Business is booming.

Borno tomato farmers count losses due to poor storage facilities

 

By Awyetu Asabe Hope

Tomato farmers in Borno State are counting heavy losses as tonnes of fresh produce rot across farms and markets, barely days after harvest, due to poor storage facilities, high transportation costs and the absence of processing industries.

Findings show that dry-season farmers around Alau Dam, Maiduguri and Jere have lost up to 50 percent or more of their harvest, with many saying five months of intensive labour were wiped out within 48 hours.

From irrigation fields to major markets, baskets of tomatoes harvested during the dry season are left to decay, triggering distress among farmers, many of whom relied on loans to finance production.

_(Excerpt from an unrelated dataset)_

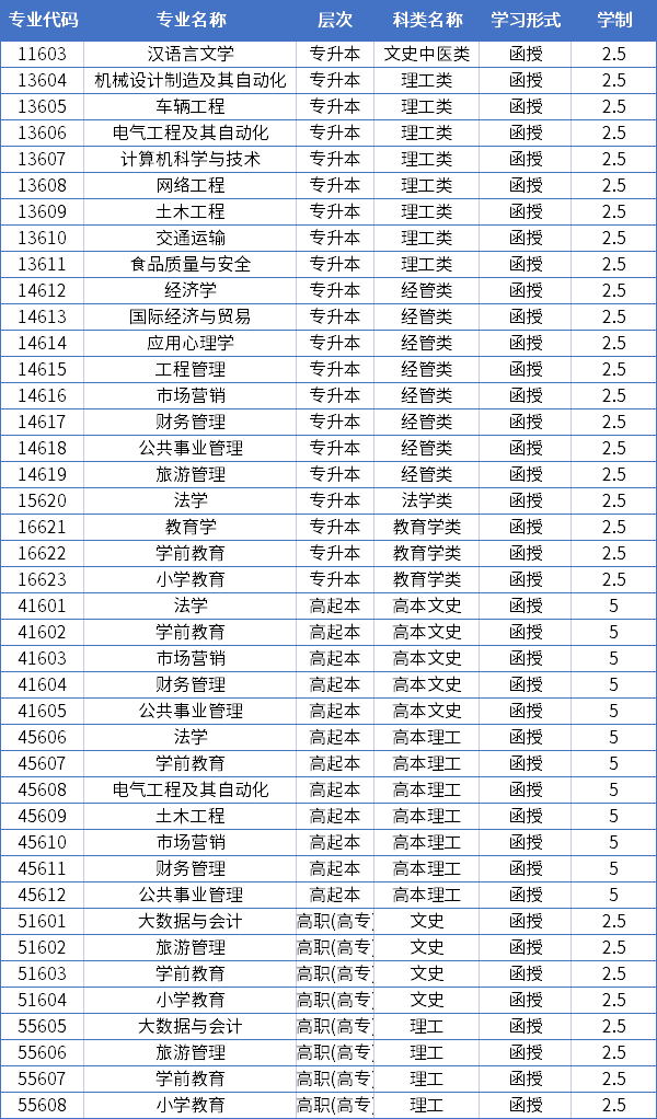 | 高中起点大专 | 51 | 文史类 | 100 |

The farmers blame the losses on lack of cold chain infrastructure, poor road networks, market glut and the highly perishable nature of tomatoes, which have a shelf life of just two to three weeks.

Pest infestations, particularly Tuta absoluta, have further compounded the problem.

A farmer in Alau said transportation costs alone have made it impossible to move produce to distant markets before spoilage sets in.

“After spending months on irrigation, fertiliser and labour, we harvest in abundance but cannot sell. In less than two days, everything is destroyed,” he said.

Within Maiduguri metropolis, tomato growers said the problem is not transportation but lack of buyers and price crashes caused by oversupply. According to them, markets are flooded with tomatoes from surrounding communities, forcing prices to drop sharply.

“We bring our tomatoes to the market, but there are no buyers or any minimum support price. What we can’t sell ends up rotting,” another farmer said.

The situation has become a recurring challenge for vegetable farmers in the state, who say the absence of proper storage and preservation facilities continues to turn bumper harvests into losses.

Farmers are now calling on the federal and state governments to establish tomato processing and preservation industries in Borno to absorb excess produce, stabilise prices and reduce post-harvest losses.

They argue that processing plants would not only save their harvests but also create jobs and strengthen food security in the region.

Observations across affected farming communities show that the crisis has left many farmers financially distressed, with some struggling to repay loans taken to support dry-season farming.

Efforts to get a response from relevant government officials were unsuccessful as of the time of filing this report.